Perhaps there is a software solution for doing it in batches, but yes, I see how the confirmation system needs to be worked out first.
The main issue is that there is no way to notify users that their accounts are somewhere and that they can create a password, because we (of course) don't have access to email addresses. I am thinking that any users created before the import will easily get their posts, and people who notice afterwards we'll have to do manually on-request.
How about a welcome to forum thread so people can introduce themselves and also would be easy for us to know who is registered at which of the available forums?
There is currently a global announcement across the forum where people are saying hi (http://fextralife.co...bioware-forums/) - I can repurpose it for introductions as well so it's visible on all categories
What is the overall strategy for account/user name mapping? As I see it, there are several cases to consider:
1) Non-BSN pre-existing fextra user name that collides with BSN user name
2) BSN user name that is not yet registered in fextra
3) BSN user name that is dormant and will never be registered at fextra (some of these are quite important, like Bioware employees that used to post good stuff)
4) BSN user that is registered at fextra, but their fextra name is not an exact string match with original BSN user name (they might have come to the two sites independently at different points in time, but are the same person).
5) BSN and fextra names are perfect match and are the same person (the happy case)
For the sake of legacy/archival content, I don't think the full profile details of a user are that important. Minimally, we just need to know that post A and reply B were two different people. And when reply C quotes reply B, we know who is being quoted. And that all posts by A can be browsed (currently this can be done from the Profile page). All the rest isn't essential. I wouldn't even expect for number of views or likes to be preserved.
It's also important for the search-by-name function to work across legacy content. Use case: I remember that Patrick Weekes posted something interesting in 2014, but that's all I remember about it. I should be able to search successfully given just that information.
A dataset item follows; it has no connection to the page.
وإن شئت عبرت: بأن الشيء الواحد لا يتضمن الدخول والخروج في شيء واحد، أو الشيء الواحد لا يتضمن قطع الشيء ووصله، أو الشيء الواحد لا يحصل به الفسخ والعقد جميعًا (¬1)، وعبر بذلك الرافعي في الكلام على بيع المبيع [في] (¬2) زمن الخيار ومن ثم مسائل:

Indeed, this is one of the challenges of importing!
1) We will find these programatically on import, then match and disambiguate these with a symbol. Merge if same person (ie. Me)
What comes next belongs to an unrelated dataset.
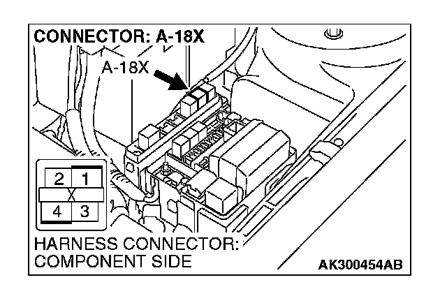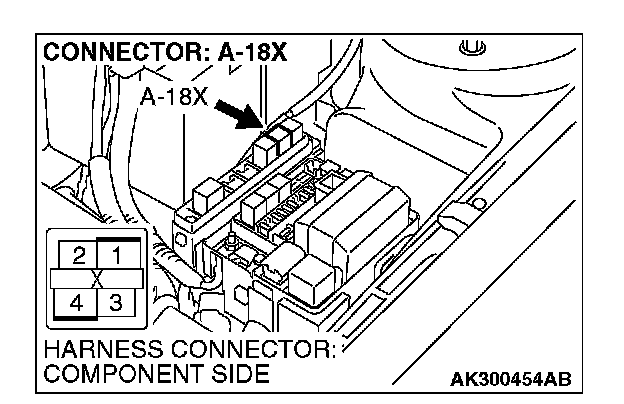 STEP 3. Measure the power supply voltage at MFI relay harness side connector A-18X.

2) I'm looking at possibly creating a "ghost account" that isn't really an account but holds the posts of say Person A on Bioware. This person then realizes they want to sign up, do so normally, then message me and confirm their identity, and I assign them all posts of Person A
3) Possibly it will be a simple username display that is not actually an account.
4) We will find these programatically and match them (for example, people with spaces have probably become user_name)
5) Easy peasy
Indeed as you say the naming is important for searches, so I'll try and find a good way to make these "ghost" users display something useful.
Separate question, will you automate BBCode conversion during the scrape, or do that as a post-process step?
Fortunately, they are mostly minor edits. Inline images, spoilers, quotes, font sizes and emoticons where the biggest syntax issues that I saw.
Details here:
http://fextralife.co...opy-paste-test/
Yes I plan on converting everything to bbcode before the import. Will probably use something like html>bbcode which means not everything will display well, but it should save a lot of work.
Progress Update:
The Mass Effect forum is enormous. My computer nearly exploded. But it's hanging in there!